Darmowy plan nie ma za bardzo sensu, ze względu na bardzo długi czas oczekiwania na połączenie z serwerem. Więc najlepiej zdecydować się na najtańszy abonament, albo dać sobie spokój.
Nigdy nie potrzebowałem pożyczać mocy obliczeniowej, mam swój sprzęt.
Co innego xcloud, gdzie oprócz mocy są gry, z tego korzysta np moje dziecko na steamdecku I gra sobie, a ja nie muszę kupować Xboxa.
Chmura Nvidii nie przemawia do mnie, taniej mi wyjdzie rozbudować komputer niż zapłacić za rok ich abonamentu to raz, a dwa Nvidia chce byś sam sobie kupił gry zamiast dać do nich dostęp jak MS.
Trzy, darmowa opcją nie ma sensu, czekasz w kolejce dłużej niż możesz grać I jak ktoś ma godzinkę by pograć to nie pogra, gdyż będzie czekał.
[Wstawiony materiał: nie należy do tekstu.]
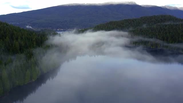 1361717 - Opening shot of the hills covered with pines. Fly through the fog
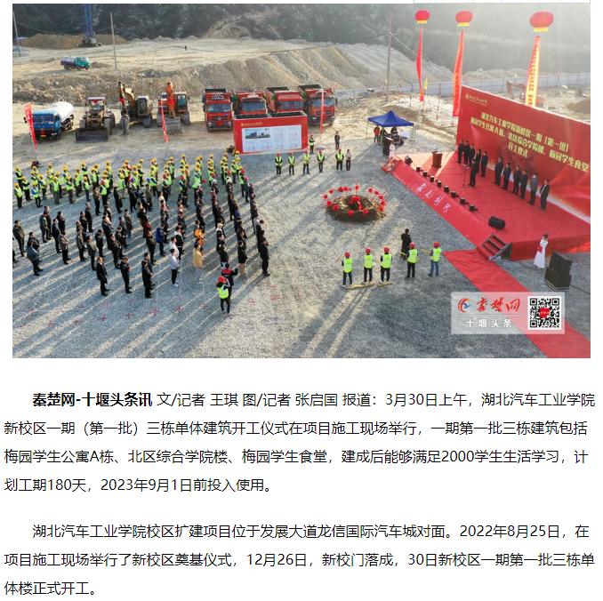 【秦楚网】今年9月投用!可容纳2000学生!汽院新校区三栋楼开工

Z góry zaznaczę, że skrajnie nie znoszę wszelkiej maści growych abonamentów, więc bynajmniej tej usługi nie bronię. Jednakże co do cen to trochę przesadzasz. Za te 648zł, czy nawet 1308zł za droższą opcję, to żadnego sensownego upgradu nie zrobisz w dzisiejszych czasach ¯\_(ツ)_/¯
Nie chce się mądrować, ale sprzedasz stare, dorzucisz te 700 i już GPU wymienisz, poczekasz dwa lata i uzbiera się kasa to resztę też zmienisz sprzedając stare.
Po prostu nie kalkuluje mi się przepalać nawet te 700 zł rocznie bez gier i nie mieć z tego nic.
Net zrywa czy spowalnia? Grając na swoim sprzęcie tego nie zauwaze, w chmurze juz nie pogram i będę się denerwował, że nie działa mimo że place ciężkie pieniądze.
Wole zapłacić sobie i mieć hardware. Jak w cenie usługi będą dobre gry w tym tripleA jak w gamepassie ultimate, to co innego.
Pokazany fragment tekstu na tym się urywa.